• **WHAT YOU NEED TO DO**: Up to and including the line with "Daños directos: Helicoverpa", write out the listing from its first line, minus the pictures.

• **INFORMATION SUPPLIED**:
┄┄┄┄┄┄┄┄┄┄

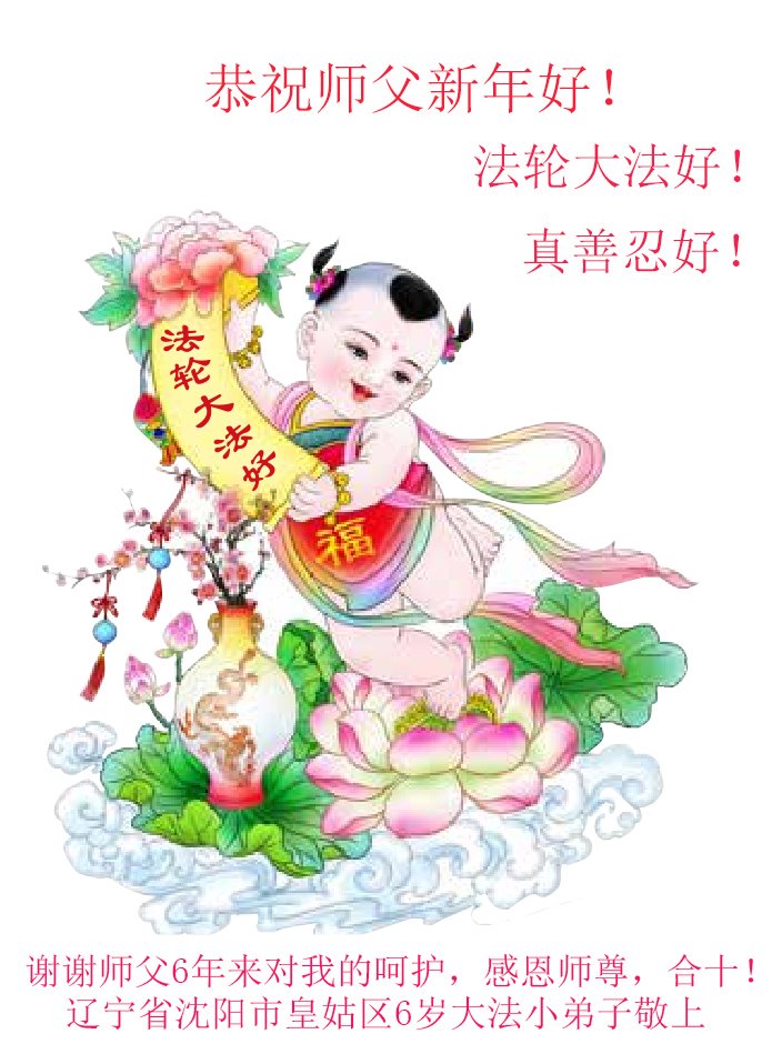 北京昌平区的大法小弟子们祝师父过年好!师父过年好!谢谢师父! 辽宁省沈阳市皇姑区6岁大法小弟子恭祝师父新年好!
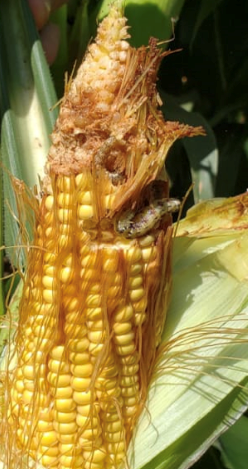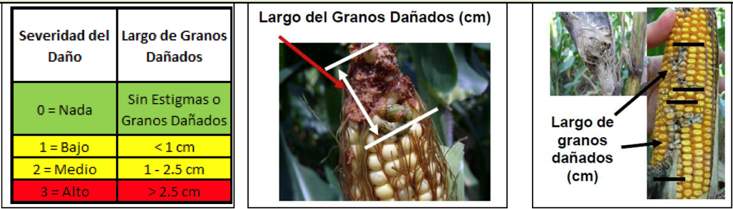 Daños directos: Helicoverpa zea se alimenta en una primera etapa de los estigmas y posteriormente de los granos hasta R3 (Foto 3). Esto es fácilmente cuantificable (Grafico 1) y puede llegar a pérdidas de hasta el 16% (Michelotto 2013). Spodoptera frugiperda puede ingresar a la espiga a través de las chalas y en algunos casos ataca en la base de la espiga provocando el desprendimiento de esta al momento de la cosecha.
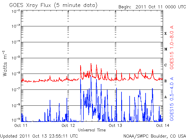 The operational data in the graph above has been modified to remove the scaling factor that has been applied by the Space Weather Prediction Center (SWPC). Because of the SWPC scaling factor in the operational data, flare indices for the operational data were reported as 42% smaller than for the science quality data. The scaling factor has also been removed from the solar flare list to reflect the true physical units.
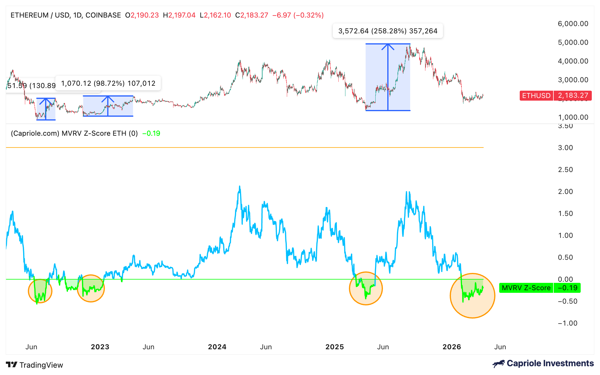 آخر مرة انخفضت فيها درجة MVRV Z لـ Ether إلى المستويات الحالية كانت في أبريل 2025، بعد انخفاض السعر بنسبة 66٪. وتزامن ذلك مع قاع السوق الكلي عند 1400 دولار وسبق ارتفاعًا استمر عدة أشهر، مع ارتفاع زوج إيثريوم/دولار بنسبة 258% إلى أعلى مستوى حالي له على الإطلاق عند 4950 دولارًا.

┄┄┄┄┄┄┄┄┄┄

• **THE ANSWER**:
 北京昌平区的大法小弟子们祝师父过年好!师父过年好!谢谢师父! 辽宁省沈阳市皇姑区6岁大法小弟子恭祝师父新年好!
 Daños directos: Helicoverpa zea se alimenta en una primera etapa de los estigmas y posteriormente de los granos hasta R3 (Foto 3). Esto es fácilmente cuantificable (Grafico 1) y puede llegar a pérdidas de hasta el 16% (Michelotto 2013). Spodoptera frugiperda puede ingresar a la espiga a través de las chalas y en algunos casos ataca en la base de la espiga provocando el desprendimiento de esta al momento de la cosecha.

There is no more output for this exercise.